Design of a novel hybrid multimode interferometer operating with both TE and TM polarizations for sensing applications

A novel hybrid multimode interferometer for sensing applications operating with both TE and TM polarizations simultaneously is proposed and numerically demonstrated. The simulations were performed assuming an operating wavelength of 633 nm with the goal of future use as a biosensor, but its applications extend beyond that area and could be adapted for any wavelength or application of interest. By designing the mutimode waveguide core with a low aspect ratio, the confinement characteristics of TE modes and TM modes become very distinct and their interaction with the sample in the sensing area becomes very different as well, resulting in high device sensitivity. In addition, an excitation structure is presented, that allows good control over power distribution between the desired modes while also restricting the power coupled to other undesired modes.
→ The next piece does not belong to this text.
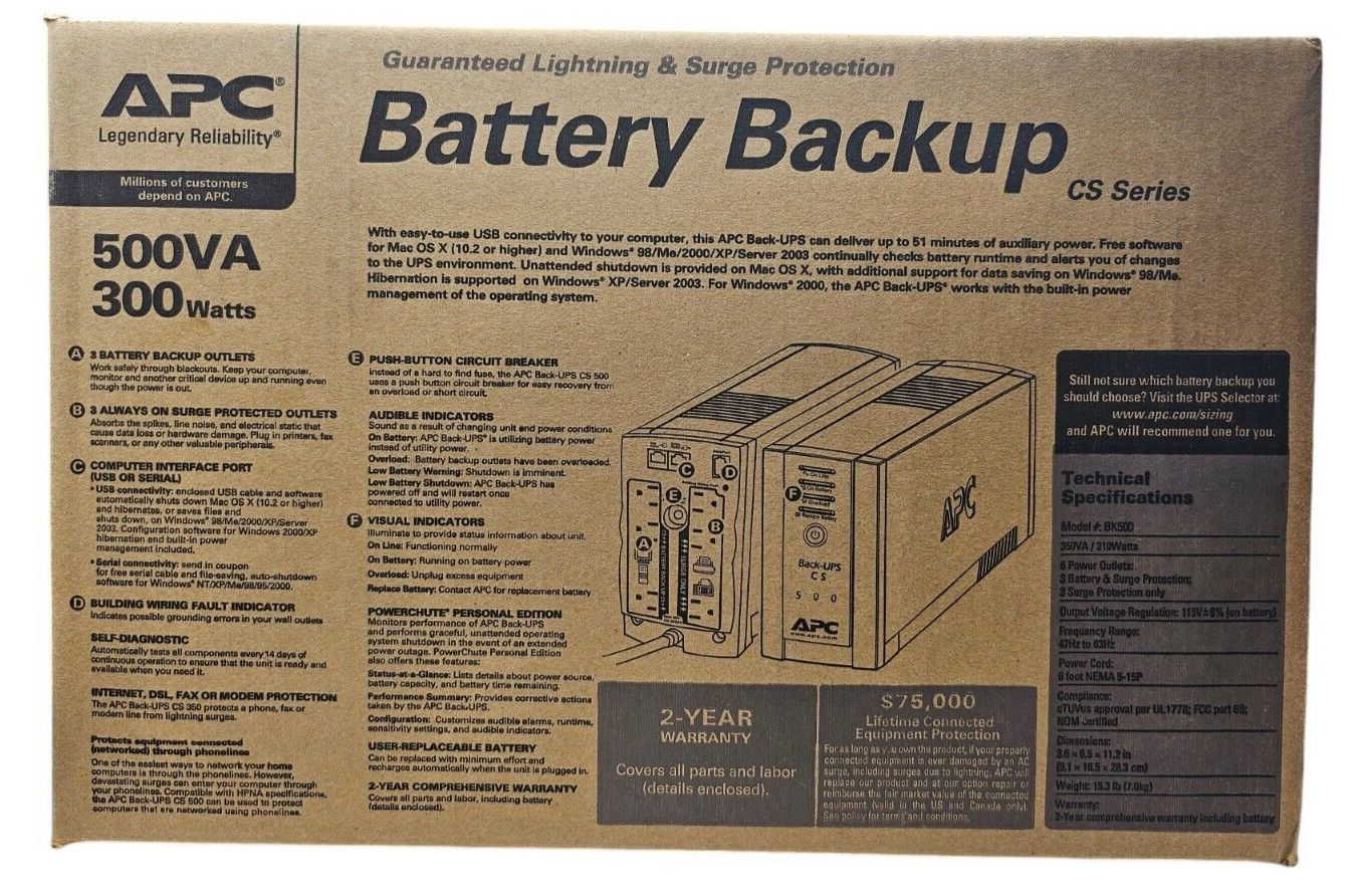 New/Old Stock - APC Back-UPS CS-500 Uninterruptible Pwr Supply Black 300W 500VA

This new hybrid TE/TM approach produced a bulk sensitivity per sensor length of 1.798 rad center dot RIU-1 center dot mu m-1 and a bulk sensitivity per sensor area of 2.140 rad center dot RIU-1 center dot mu m-2, which represents a much smaller footprint when compared to other MMI sensors, contributing to a higher level of integration, while also opening possibilities for a new range of MMI devices.

Automated summary

A novel hybrid multimode interferometer is proposed and demonstrated for sensing applications operating with both TE and TM polarizations simultaneously. It can be used as a biosensor at a wavelength of 633 nm, but its applications are not limited to that area. The design of the multimode waveguide core and the excitation structure result in distinct confinement characteristics and high device sensitivity. The hybrid TE/TM approach achieves smaller footprint and opens possibilities for a new range of MMI devices.